Flow-casting production of homogeneous BG coatings on PT scaffolds.

The abstract reads, “Additive manufacturing enabled the fabrication of porous titanium (PT) with customized porosity and mechanical properties. However, functionalization of PT surfaces with bioactive coatings is being challenged due to sophisticated geometry and highly porous structure. In this study, a facile flow-casting technique was developed to produce homogeneous 45S5 bioactive glass (BG) coatings on the entire surface of PT. The coating weight as a function of BG concentration in a BG-PVA slurry was investigated to achieve controllable coating yield without blocking macropore structure. The annealing-treated BG coating not only exhibited compact adhesion confirmed by qualitative sonication treatment, but also enhanced the mechanical properties of PT scaffolds. Moreover, in-vitro assessments of BG-coated PT cultured with MC3T3-E1 cells was carried out having in mind their potential as bioactive bone implants. The experimental results in this study offer a simple and versatile approach for the bio-functionalization of PT and other porous biomedical devices.”

Fluorescent images of cells cultured on bare (a,c,e) and BG200‐coated (b,d,f) Ti scaffolds after 2 and 4 days.

Bioceramics, like TiO2 and BG, have been used before as coatings in order to, as the paper puts it, “functionalize bioactive character to inert bone scaffolds.” There have been several methods used in the past to produce bioceramic coatings on dense bone implants, but because porous ones have more complex structures, it’s hard to coat the entire surface without blocking the porous, interconnected structure.

The team used SLM technology to 3D print PT samples on a Renishaw AM 250, then rinsed them with demineralized water and ethanol to remove residual HF before letting them air-dry.
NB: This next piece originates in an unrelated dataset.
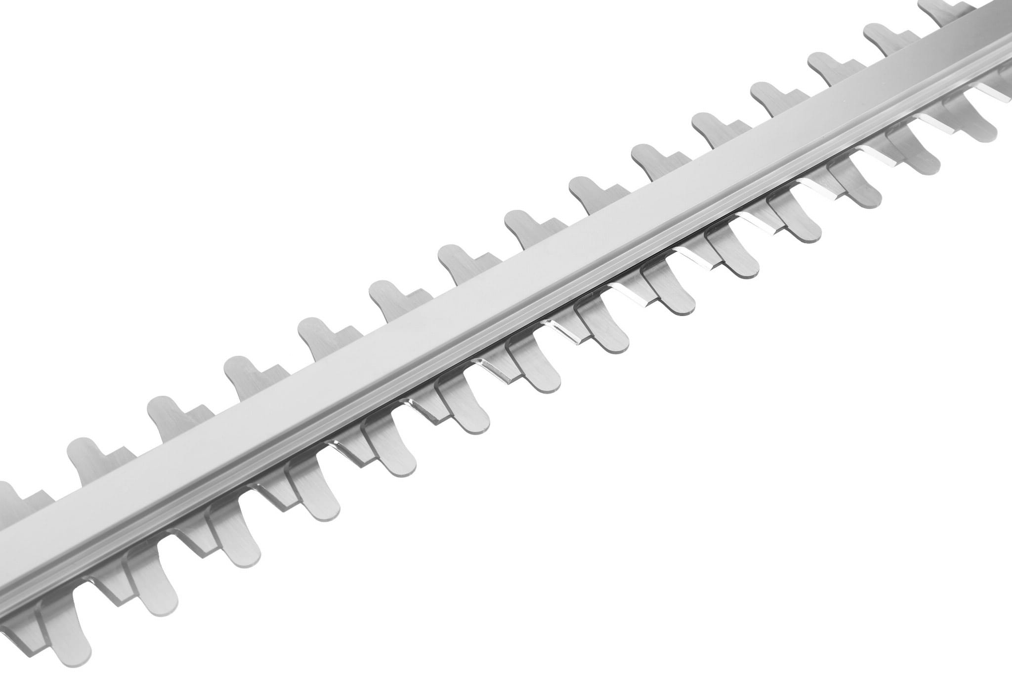 Długość ostrza 480 mm pozwala na cięcie szerokich pasów żywopłotu w jednym przejściu, co skraca czas pracy. Kąt cięcia 45° umożliwia formowanie skosów i ukośnych krawędzi bez zmiany pozycji ciała.

Then, a sample was dipped in a slurry of BG-PVA, before being moved to a rotation platform. Using compressed nitrogen force during rotation, the slurry’s solid content was gradually but completed flow-casted onto the surface of the struts, which as the researchers explained in the paper resulted in “the formation of a homogeneous BG coating on the entire PT surfaces without blocking the macropore structure.”
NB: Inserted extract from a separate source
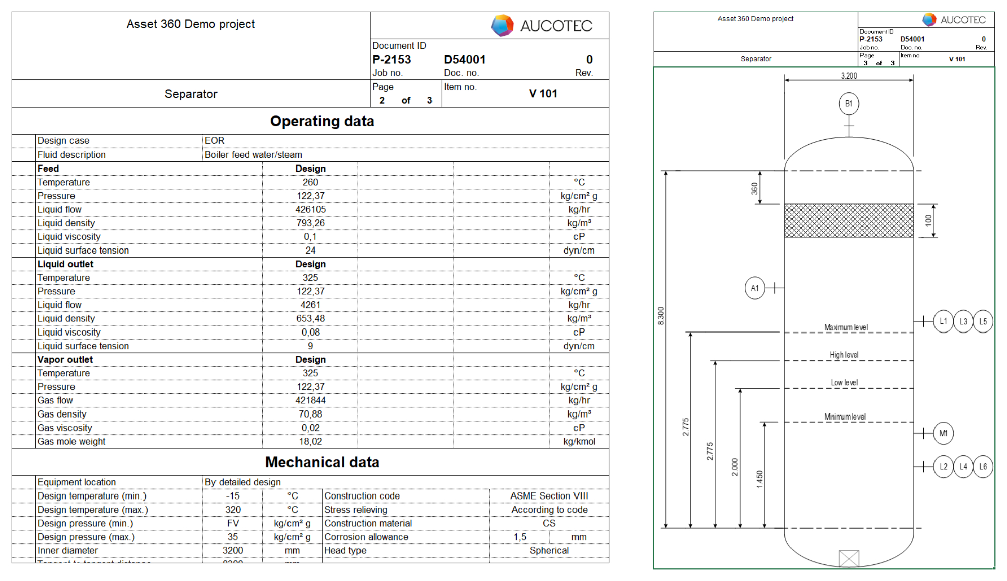 The new data sheets automatically merge all information about an asset, including accessories and sub-systems. (Picture (combines 2 sheet sections): AUCOTEC AG)

“The key parameters of the flow-casting process were varied to obtain homogeneous BG coatings,” the researchers wrote. “In addition, microstructural, mechanical, and biological properties of BG-coated PT were characterized having in mind the promising potential of BG-functionalized PT in bone tissue engineering.”
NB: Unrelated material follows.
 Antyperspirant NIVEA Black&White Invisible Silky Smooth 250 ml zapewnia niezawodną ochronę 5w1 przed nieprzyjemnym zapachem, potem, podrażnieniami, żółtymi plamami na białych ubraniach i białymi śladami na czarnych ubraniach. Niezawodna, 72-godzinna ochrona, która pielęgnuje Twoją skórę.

(a) The weight of BG‐PVA coating as a function of BG concentration in slurry; the inset shows the increased white content on the coated PT with increasing BG concentration (* p < 0.05, ** p < 0.01, *** p < 0.001), (b) axial and radial observation of BG200‐coated PT after annealing, (c) XRD patterns of raw BG and annealed BG powder using the same annealing protocol.

While developing the facile flow-casting method, the team determined that by varying the concentration of BG, they could specifically tailor the coating yield in order produce homogeneous coatings on the PT substrates that wouldn’t block the interconnected macropores. Additionally, after an annealing treatment, the BG200-coated PT showed a strengthened elastic modulus, and also “exhibited excellent coating adhesion,” which are good signs for bone implants.

SEM images of the inner surface morphologies of (a-c) bare Ti scaffold and (d-f) BG200-coated Ti scaffold, (g) cross-sectional images of BG200 coatings at different magnifications.

“Although the annealed BG coating exhibited nonuniform thickness varying from 2 µm to 6 µm, in-vitro biological evaluation confirmed an improved osteoblast activity, probably owing to the bioactivity of the BG phase,” the researchers concluded. “Summarizing, flow-casting of BG coatings, possibly combined with other bioactive components or functional molecules, suggested a simple and effective approach for the biofunctionalization of PT or other porous devices, which will be advantageous for designing optimal scaffolds for biomedical applications.”

Co-authors of the paper are Haiou Yang, Qijie Zhu, Hongfei Qi, Xianhu Liu, Meixia Ma, and Qiang Chen.